### [LISTED RECORDS]

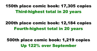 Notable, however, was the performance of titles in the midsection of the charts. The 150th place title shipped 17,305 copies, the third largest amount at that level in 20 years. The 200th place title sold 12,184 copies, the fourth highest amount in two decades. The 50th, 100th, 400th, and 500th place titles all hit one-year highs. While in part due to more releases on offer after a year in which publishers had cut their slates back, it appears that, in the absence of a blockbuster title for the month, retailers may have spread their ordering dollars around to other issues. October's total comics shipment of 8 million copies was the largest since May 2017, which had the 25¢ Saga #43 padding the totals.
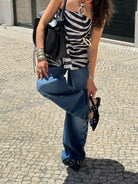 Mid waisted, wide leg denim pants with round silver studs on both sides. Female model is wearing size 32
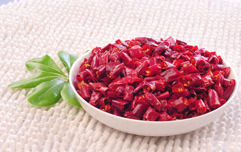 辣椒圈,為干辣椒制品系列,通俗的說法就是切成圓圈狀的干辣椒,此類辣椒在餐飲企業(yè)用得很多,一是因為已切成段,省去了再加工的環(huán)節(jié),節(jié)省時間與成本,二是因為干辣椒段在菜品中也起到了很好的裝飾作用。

...

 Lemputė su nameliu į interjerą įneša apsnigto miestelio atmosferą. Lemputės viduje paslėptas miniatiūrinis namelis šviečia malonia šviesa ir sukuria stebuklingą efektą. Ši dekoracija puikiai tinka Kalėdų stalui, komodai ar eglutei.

--

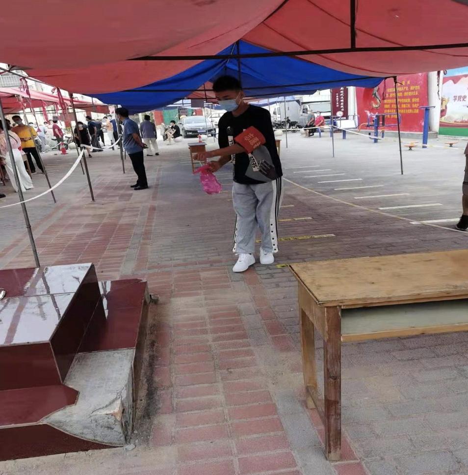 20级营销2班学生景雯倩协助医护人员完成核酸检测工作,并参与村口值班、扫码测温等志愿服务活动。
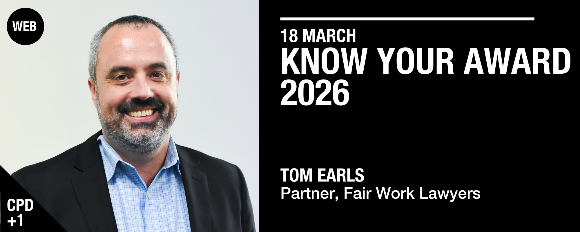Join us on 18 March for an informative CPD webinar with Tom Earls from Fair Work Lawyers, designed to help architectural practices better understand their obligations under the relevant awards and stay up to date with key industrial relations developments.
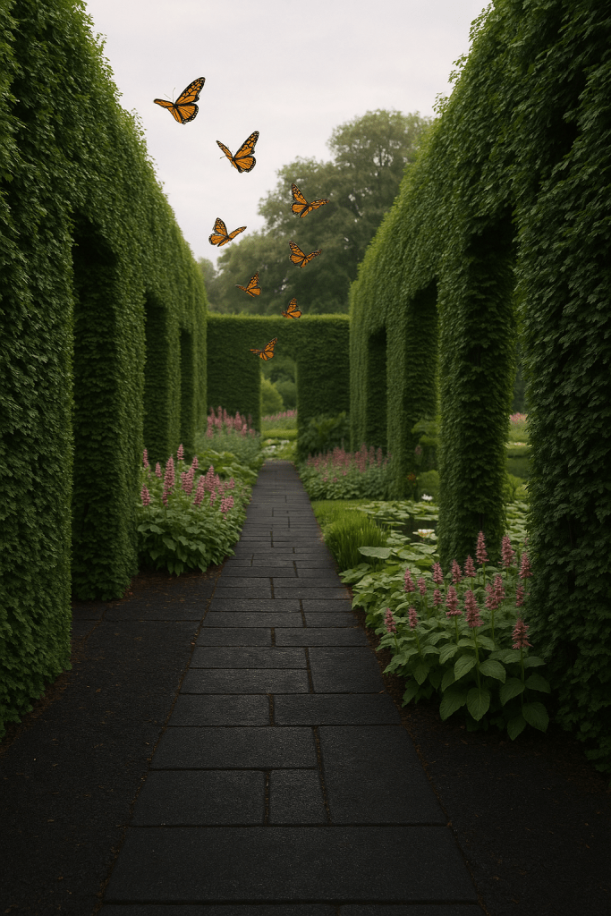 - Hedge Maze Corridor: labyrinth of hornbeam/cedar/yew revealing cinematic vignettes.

### [TO DO]
Output exactly, and only, the lines of the entries above from the one with "Join us on 18" up to and including the one with "- Hedge Maze"; pictures are to be left out.

### [RESULT OF THE EXERCISE]
Join us on 18 March for an informative CPD webinar with Tom Earls from Fair Work Lawyers, designed to help architectural practices better understand their obligations under the relevant awards and stay up to date with key industrial relations developments.
 - Hedge Maze Corridor: labyrinth of hornbeam/cedar/yew revealing cinematic vignettes.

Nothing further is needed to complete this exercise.